You are being very generous. Unless for dire needs, a weekly replies to Text/WhatsApp is a good frequency to keep/advance world peace.


> The concept's appeared in fiction numerous times (the talking paintings in Harry Potter that mimic the person painted, the clones in The Prestige)

How is your most notable example not when Gilfoyle does exactly this so he doesn’t have to talk to Dinesh in Silicon Valley??


Hahaha a friend told me this but I havent watched SV. Will do so immediately



How is the most notable example of this not the Dixie Flatline in Neuromancer?


I was immediately reminded of this black mirror episode:

https://en.m.wikipedia.org/wiki/Be_Right_Back


Llama 7B is quite dumb. Using the 13B you'd get significantly better results, and you can train a qlora on a single 3090 (I think even less is possible but not sure)


oh yeah definitely. Do you know how I can get access to one for cheap though? I burnt through $150 just on this exercise with a P100 on GCP


I'd love to see an update for 13B, and I can vouch that vast.ai prices are very good.


Ooof. I'd expect this to cost like 5 bucks on runpod using a single 3090.

I use axolotl for training, I didn't check your notebook but axolotl likely comes with more optimized defaults for speed and vram than what you're doing.


vast.ai

Yeah, GCP GPU prices are terrible. $150 for a short time on a P100 is highway robbery.

TPUs are better, but still kinda pricey.


You said that the model fooled your friends 10% of the time.

I wonder how well would chatGPT | llama2 do given just the last 5 messages of each and asking to generate the next reply pre tending to be you…

Somehow I don’t think it would be worse?


Yeah I wondered if few shot prompting would yield better results than finetuning. For the amount of finetuning I've done (1 epoch, 7B model with 4 bit quantization), I think it might be comparable. But if we scale this to a bigger model and longer training times, I think finetuning should produce much better results. Hoping someone with access to compute will try it out and update us!


> You said that the model fooled your friends 10% of the time.

I am imaging some nerds actively changing their real behaviour to become closer to ChatGPT so that others will more likely believe it when they take a break and handover their work/comms to AI tools :)


We are very close to where AI tech can replicate Harry Potter portraits


askdumbledore.org was done a few months ago in fact


I can't seem to find a link to the git or documentation. I'm very curious how this is achieved? Is a model fine tuned? If so how? I'd be most interested in seeing how they formatted the input data if fine tune was done.


I used GPT API with a custom prompt :)


Nice. I remember thinking of doing something like this when I was much much more of a novice. I wrote a WhatsApp message parser and thought of doing this with the parsed messages. Unfortunately I knew too little back then, and Llama didn't exist either. Cool to see it!

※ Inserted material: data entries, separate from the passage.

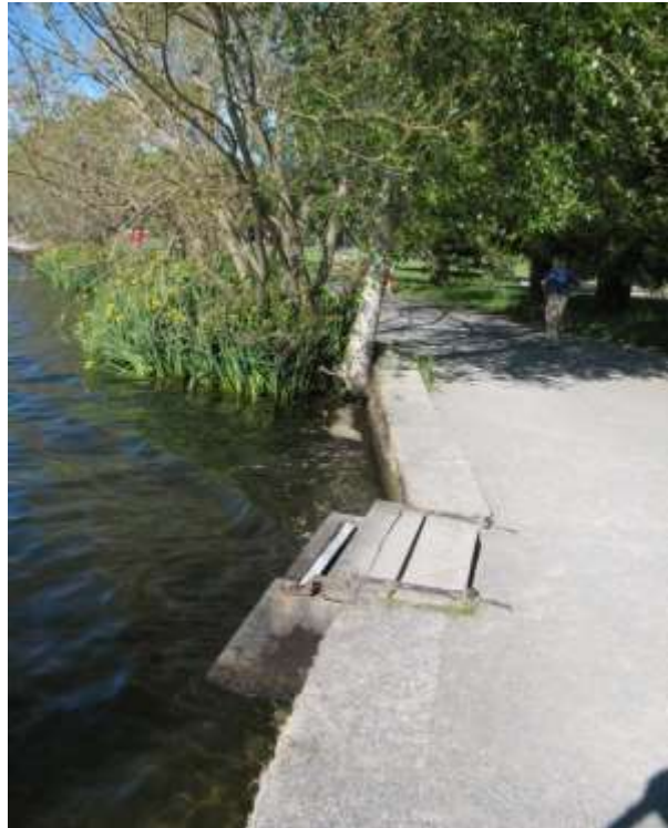
2014: Trees & Shrubs at the Sunnyside Outlet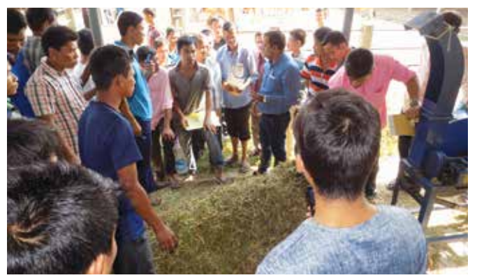
Visit to Vermi Compost unit of a progressive farmer

The institute organised RUDSETI Bazaar from 2<sup>nd</sup> to 13<sup>th</sup> January 2020 on the occasion of Regional SARAS Mela at Agartala, wherein past trainees of RUDSETI participated and made handsome sales.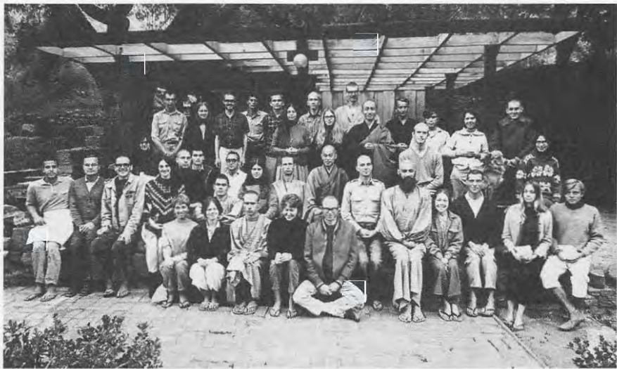
First Tassajara Practice Period Group, 1967

You may say water has its own nature and iron has its own nature, but that nature is conditioned by many con- [partial word: conditions?]—factors. That is why water is flowing, iron is hard. So, as Buddha said: “All constituent object are—has no self—self-nature.” The nature is—universal nature takes some particular way of function and under some condition. That’s all. So there is no such thing as self-nature.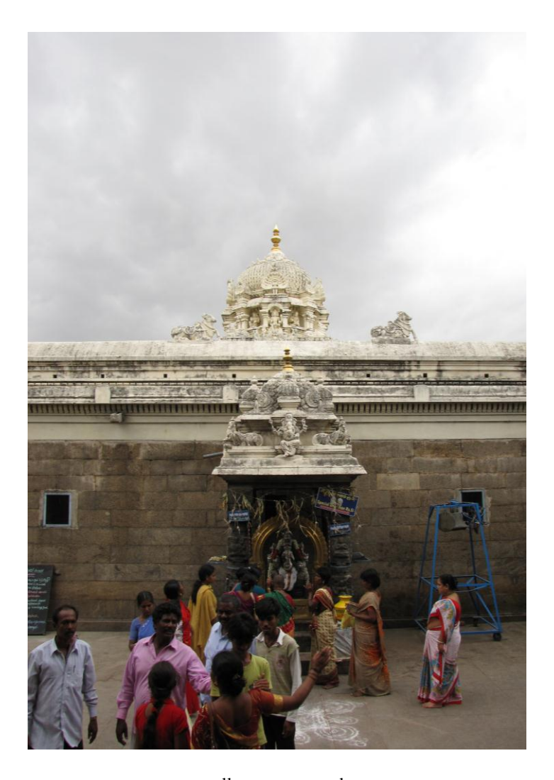
Vellore Fort temple

This event will be followed, from 19^{th} to 30^{th} of August, by the annual Classical Tamil Seminar of the EFEO Centre at Pondicherry, devoted this year to the reading of the Mullaippāṭṭu, one of the long poems of the Pattuppāṭṭu.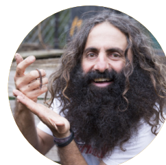
Costa Georgiadis Host, Gardening Australia, ABC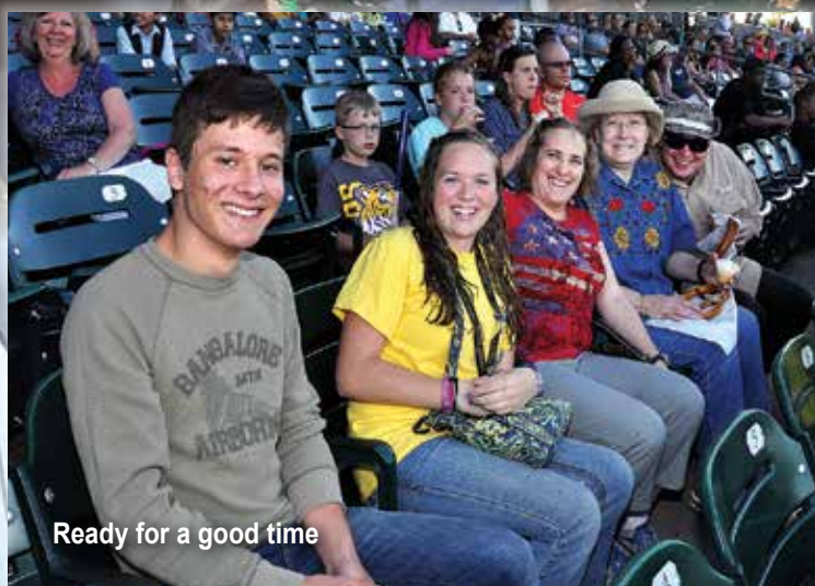
Ready for a good time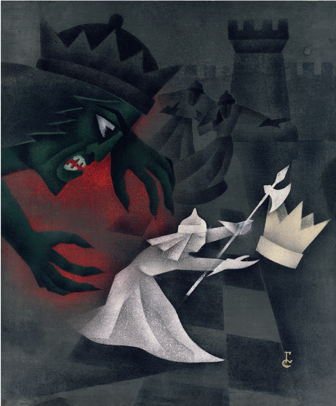
48. Racing to Queen . 1971. Cardboard, oil, splatter. 36x30.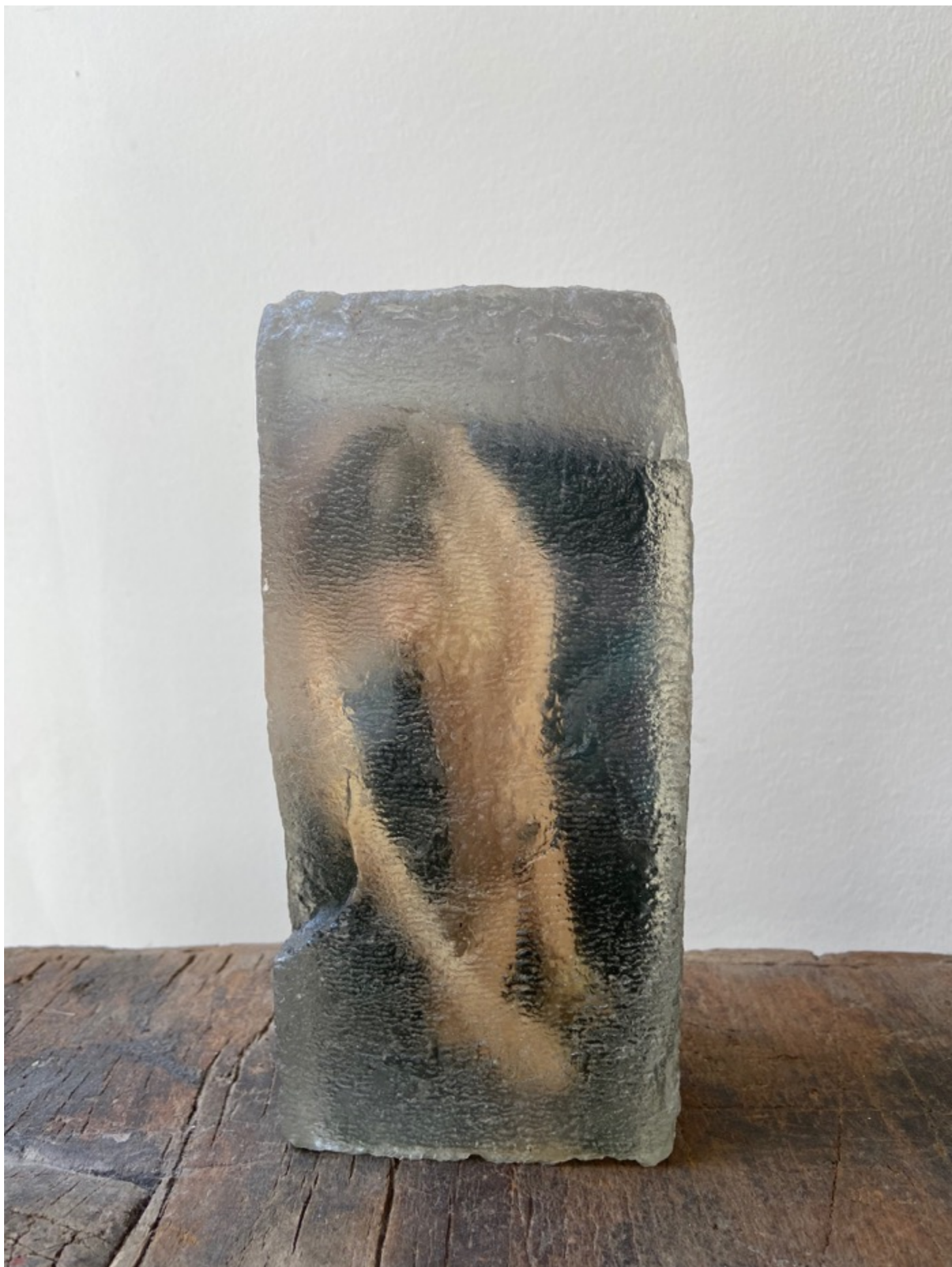
Ilan WEISS « Untitled », 2020 20x10x8 cm, ink photograph, epoxy // 900 euros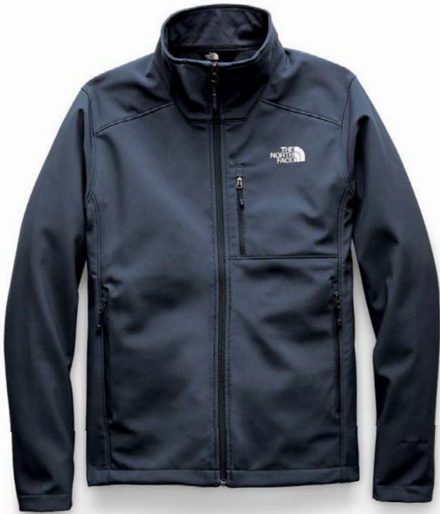
The North Face® Apex Barrier Soft Shell Jacket NFOA3LGT Adult Sizes: S-3XL 4 colors

Super cool! I had a similar idea where I wanted to create such clones of some of my friends (with consent ofc) and see how well they know me. To extend your clone even more, you can also throw in every piece of digital text you have into this, eg. emails, notes, essays, blogs etc. I'm super down to work on LLM clones like these!

edit: I actually started a little work on this. If you wanna export more messages than the limited 40k, you can use [0]. I did and I have every text I've ever sent since I had WhatsApp.

[0]: https://github.com/YuvrajRaghuvanshiS/WhatsApp-Key-Database-...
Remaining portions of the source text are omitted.